In my department (Emergency), there is an override mechanism by which you can "freehand" enter a blood sugar on a patient who isn't in the EMR system yet (i.e. if you're working triage). There is also a mechanism by which a provider who normally wouldn't have a staff ID number, such as a non-hospital-employed physician or PA/NP, can enter FSBS results using a "bypass" code. It's conceivable to imagine such a sequence of circumstances allowing a slack-minded SN to skate through not performing FSBS, claiming that he/she filed the results under the bypass provider number and freehand entered the patient name, and hence they might be delayed into the system.
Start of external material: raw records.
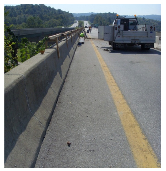
Figure 10. Overview of treatment site.

The treatment of the bridge walls was scheduled for May 2011. However, due to weather constraints and scheduling conflicts, only the northbound part of the bridge was treated. The remaining treatments are scheduled to be completed by the end of summer 2011.
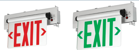
Recessed Mount Wall or Ceiling
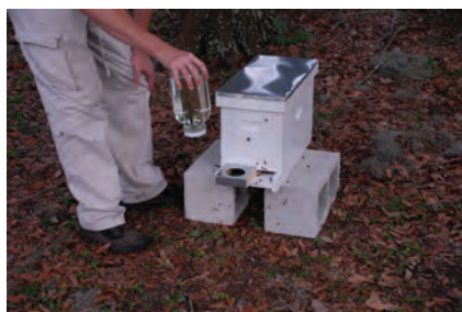
Figure 21. The lid returned to the colony and the feeder jar being added.
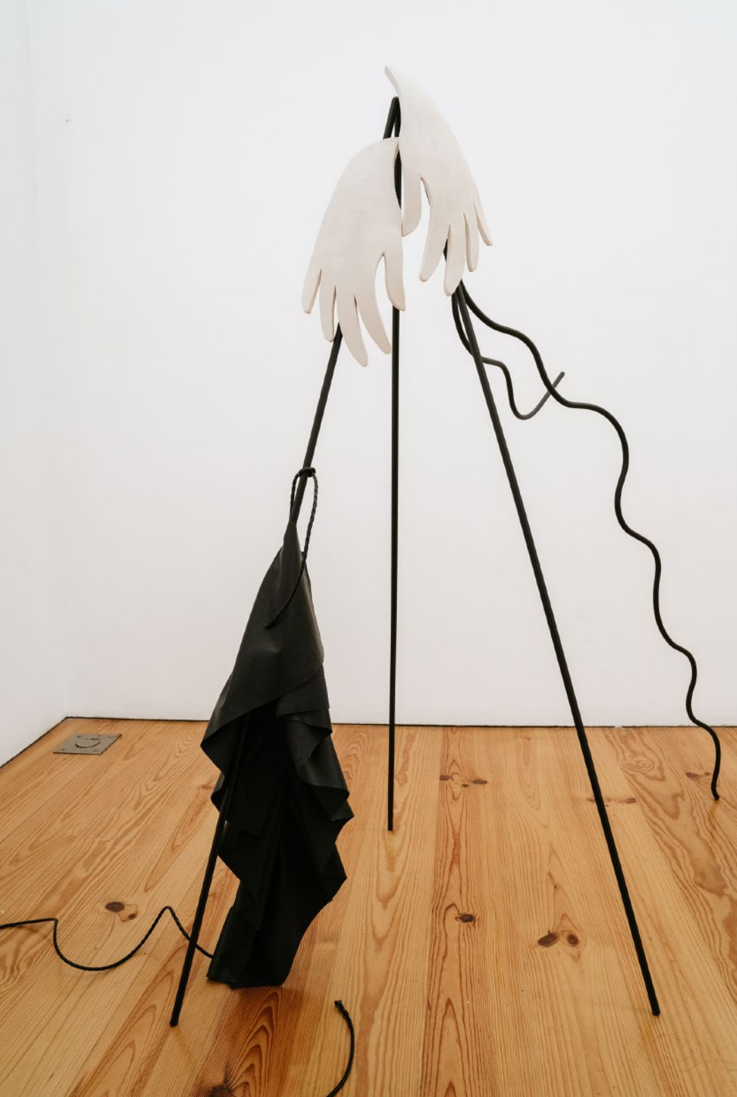
Prêt-à-porter #3, 2021 Aço, Cerâmica e Couro Sintético [Steel, Ceramics and synthetic leather] 97 x 85 x 31 cm
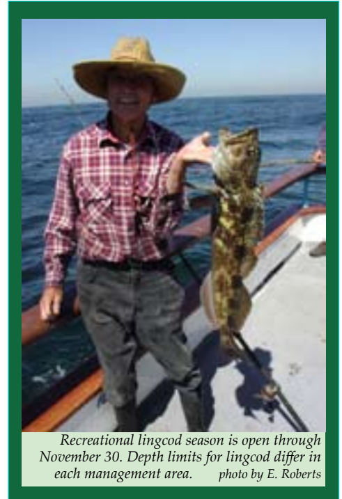
Recreational lingcod season is open through November 30. Depth limits for lingcod differ in each management area.

"Groundfish Regulation Changes" continued on page 8
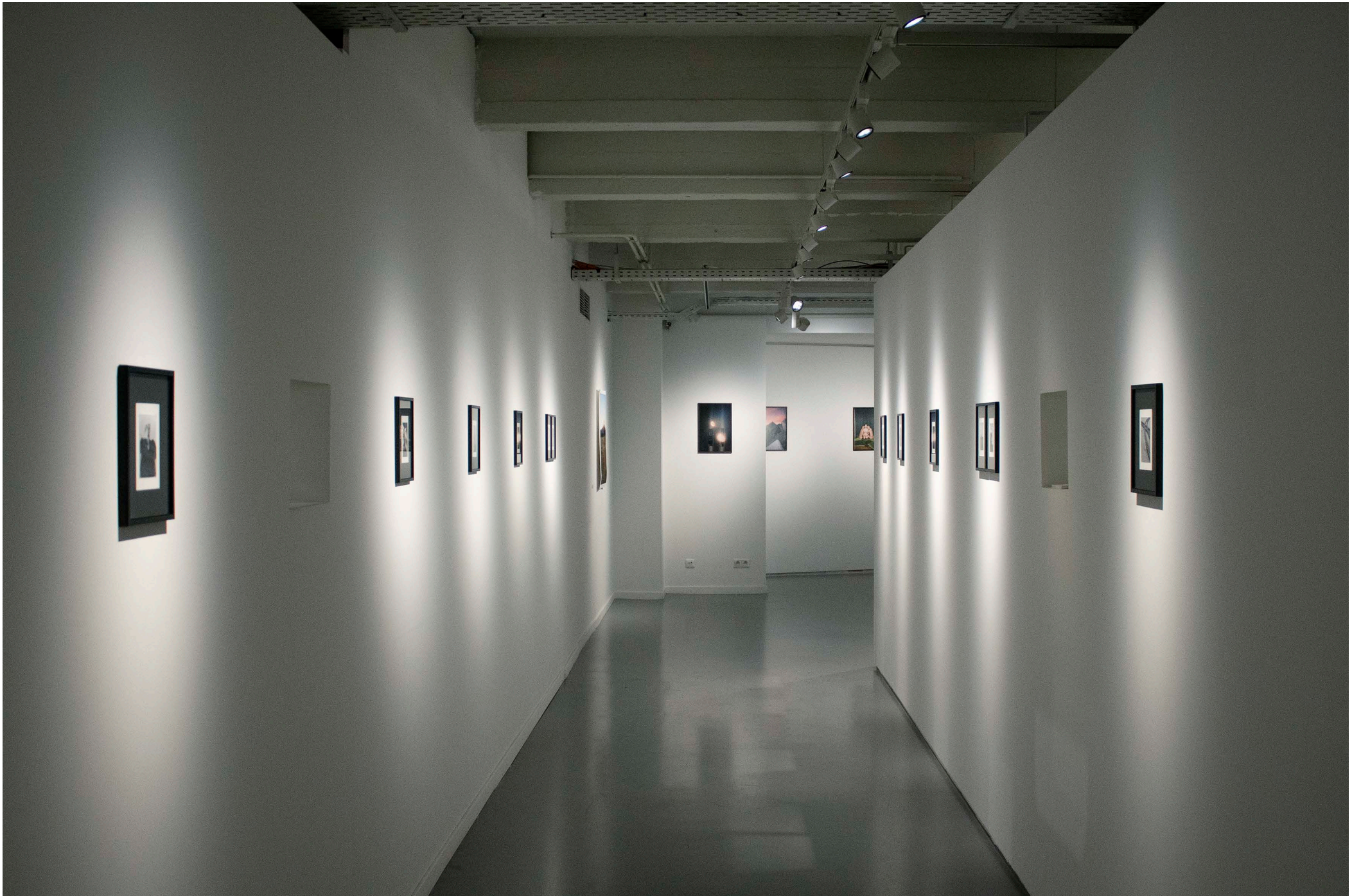
Silversalt Memories , Foreign Affairs MFA Show, Fotomuseum Antwerp, 2022

It'd be a perfect storm of circumstances, but the story is just plausible enough, especially given the many, many workarounds I've seen teaching units use to allow SNs access to otherwise staff-locked equipment. (The security subversions my preceptor committed to allow me to function at all as a preceptee on CV-SICU, for example, would curdle any good IT person's blood - yet were it not for that, I'd have spent three months sitting on my butt at the desk doing nothing. Everything on that unit was staff-ID-locked, up to and including the vital-signs monitors. This wasn't at Podunk Memorial, either; this was a major teaching hospital that, somehow, had bought into an information platform with all the provisions for documentation by both medical students and student nurses completely disabled. MS had to document under their resident's or attending's staff number; SNs filed under their staff RN, preceptor or CI. IT failure, there.)

WORD

And more WORD.

Nursing school was several years ago now and even then, I couldn't get into the FSBSG machine without one of the nurses putting in their passcode. And none of them left without making sure I knew what I was doing since I was working on their passcode.

I think we have a game of exaggeration dramatics filling in for lack details here.